Collected data entries:
_____
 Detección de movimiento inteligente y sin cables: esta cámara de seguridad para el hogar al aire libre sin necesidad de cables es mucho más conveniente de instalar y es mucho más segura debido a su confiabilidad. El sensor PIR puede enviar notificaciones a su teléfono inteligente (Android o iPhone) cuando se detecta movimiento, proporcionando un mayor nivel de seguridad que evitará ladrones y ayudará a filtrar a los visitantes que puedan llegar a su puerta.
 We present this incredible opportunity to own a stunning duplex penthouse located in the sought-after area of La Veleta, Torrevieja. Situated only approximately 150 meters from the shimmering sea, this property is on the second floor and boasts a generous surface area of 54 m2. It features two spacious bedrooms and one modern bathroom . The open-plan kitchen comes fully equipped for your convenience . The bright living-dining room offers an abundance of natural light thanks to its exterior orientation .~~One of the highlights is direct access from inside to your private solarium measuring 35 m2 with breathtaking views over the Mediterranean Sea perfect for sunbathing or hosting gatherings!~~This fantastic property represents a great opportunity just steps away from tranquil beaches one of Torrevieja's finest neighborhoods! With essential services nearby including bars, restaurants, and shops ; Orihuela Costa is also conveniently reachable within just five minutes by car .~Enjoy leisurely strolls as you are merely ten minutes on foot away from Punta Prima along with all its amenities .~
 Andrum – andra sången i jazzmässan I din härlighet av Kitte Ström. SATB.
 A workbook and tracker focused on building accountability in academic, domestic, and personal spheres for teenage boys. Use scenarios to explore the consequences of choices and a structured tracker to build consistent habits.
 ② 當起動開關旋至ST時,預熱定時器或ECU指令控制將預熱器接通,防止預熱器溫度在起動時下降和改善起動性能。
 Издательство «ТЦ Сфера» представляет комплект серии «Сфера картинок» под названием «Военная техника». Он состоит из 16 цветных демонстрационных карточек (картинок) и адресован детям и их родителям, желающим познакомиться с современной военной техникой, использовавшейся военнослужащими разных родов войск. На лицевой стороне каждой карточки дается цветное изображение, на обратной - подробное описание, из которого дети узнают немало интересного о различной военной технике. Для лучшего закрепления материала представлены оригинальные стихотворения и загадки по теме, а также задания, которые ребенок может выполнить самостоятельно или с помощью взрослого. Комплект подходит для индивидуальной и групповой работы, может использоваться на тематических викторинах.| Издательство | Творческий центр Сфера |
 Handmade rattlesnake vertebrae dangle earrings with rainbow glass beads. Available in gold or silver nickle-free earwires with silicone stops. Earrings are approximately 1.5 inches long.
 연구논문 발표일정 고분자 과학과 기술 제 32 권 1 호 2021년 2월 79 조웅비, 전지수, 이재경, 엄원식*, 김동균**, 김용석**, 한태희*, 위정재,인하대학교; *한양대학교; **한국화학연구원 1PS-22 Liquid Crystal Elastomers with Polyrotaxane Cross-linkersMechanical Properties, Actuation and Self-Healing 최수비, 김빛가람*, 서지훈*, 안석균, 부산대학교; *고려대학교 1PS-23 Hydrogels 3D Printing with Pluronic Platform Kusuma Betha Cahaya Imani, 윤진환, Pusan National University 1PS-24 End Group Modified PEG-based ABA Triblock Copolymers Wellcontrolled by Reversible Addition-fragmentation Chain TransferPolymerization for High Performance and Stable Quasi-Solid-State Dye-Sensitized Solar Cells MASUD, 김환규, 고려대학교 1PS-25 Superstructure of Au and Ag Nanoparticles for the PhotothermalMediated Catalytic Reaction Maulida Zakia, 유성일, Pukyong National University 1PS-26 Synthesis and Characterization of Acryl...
_____
- Work required -
Return each line above precisely as written.

- Exercise response -
 Detección de movimiento inteligente y sin cables: esta cámara de seguridad para el hogar al aire libre sin necesidad de cables es mucho más conveniente de instalar y es mucho más segura debido a su confiabilidad. El sensor PIR puede enviar notificaciones a su teléfono inteligente (Android o iPhone) cuando se detecta movimiento, proporcionando un mayor nivel de seguridad que evitará ladrones y ayudará a filtrar a los visitantes que puedan llegar a su puerta.
 We present this incredible opportunity to own a stunning duplex penthouse located in the sought-after area of La Veleta, Torrevieja. Situated only approximately 150 meters from the shimmering sea, this property is on the second floor and boasts a generous surface area of 54 m2. It features two spacious bedrooms and one modern bathroom . The open-plan kitchen comes fully equipped for your convenience . The bright living-dining room offers an abundance of natural light thanks to its exterior orientation .~~One of the highlights is direct access from inside to your private solarium measuring 35 m2 with breathtaking views over the Mediterranean Sea perfect for sunbathing or hosting gatherings!~~This fantastic property represents a great opportunity just steps away from tranquil beaches one of Torrevieja's finest neighborhoods! With essential services nearby including bars, restaurants, and shops ; Orihuela Costa is also conveniently reachable within just five minutes by car .~Enjoy leisurely strolls as you are merely ten minutes on foot away from Punta Prima along with all its amenities .~
 Andrum – andra sången i jazzmässan I din härlighet av Kitte Ström. SATB.
 A workbook and tracker focused on building accountability in academic, domestic, and personal spheres for teenage boys. Use scenarios to explore the consequences of choices and a structured tracker to build consistent habits.
 ② 當起動開關旋至ST時,預熱定時器或ECU指令控制將預熱器接通,防止預熱器溫度在起動時下降和改善起動性能。
 Издательство «ТЦ Сфера» представляет комплект серии «Сфера картинок» под названием «Военная техника». Он состоит из 16 цветных демонстрационных карточек (картинок) и адресован детям и их родителям, желающим познакомиться с современной военной техникой, использовавшейся военнослужащими разных родов войск. На лицевой стороне каждой карточки дается цветное изображение, на обратной - подробное описание, из которого дети узнают немало интересного о различной военной технике. Для лучшего закрепления материала представлены оригинальные стихотворения и загадки по теме, а также задания, которые ребенок может выполнить самостоятельно или с помощью взрослого. Комплект подходит для индивидуальной и групповой работы, может использоваться на тематических викторинах.| Издательство | Творческий центр Сфера |
 Handmade rattlesnake vertebrae dangle earrings with rainbow glass beads. Available in gold or silver nickle-free earwires with silicone stops. Earrings are approximately 1.5 inches long.
 연구논문 발표일정 고분자 과학과 기술 제 32 권 1 호 2021년 2월 79 조웅비, 전지수, 이재경, 엄원식*, 김동균**, 김용석**, 한태희*, 위정재,인하대학교; *한양대학교; **한국화학연구원 1PS-22 Liquid Crystal Elastomers with Polyrotaxane Cross-linkersMechanical Properties, Actuation and Self-Healing 최수비, 김빛가람*, 서지훈*, 안석균, 부산대학교; *고려대학교 1PS-23 Hydrogels 3D Printing with Pluronic Platform Kusuma Betha Cahaya Imani, 윤진환, Pusan National University 1PS-24 End Group Modified PEG-based ABA Triblock Copolymers Wellcontrolled by Reversible Addition-fragmentation Chain TransferPolymerization for High Performance and Stable Quasi-Solid-State Dye-Sensitized Solar Cells MASUD, 김환규, 고려대학교 1PS-25 Superstructure of Au and Ag Nanoparticles for the PhotothermalMediated Catalytic Reaction Maulida Zakia, 유성일, Pukyong National University 1PS-26 Synthesis and Characterization of Acryl...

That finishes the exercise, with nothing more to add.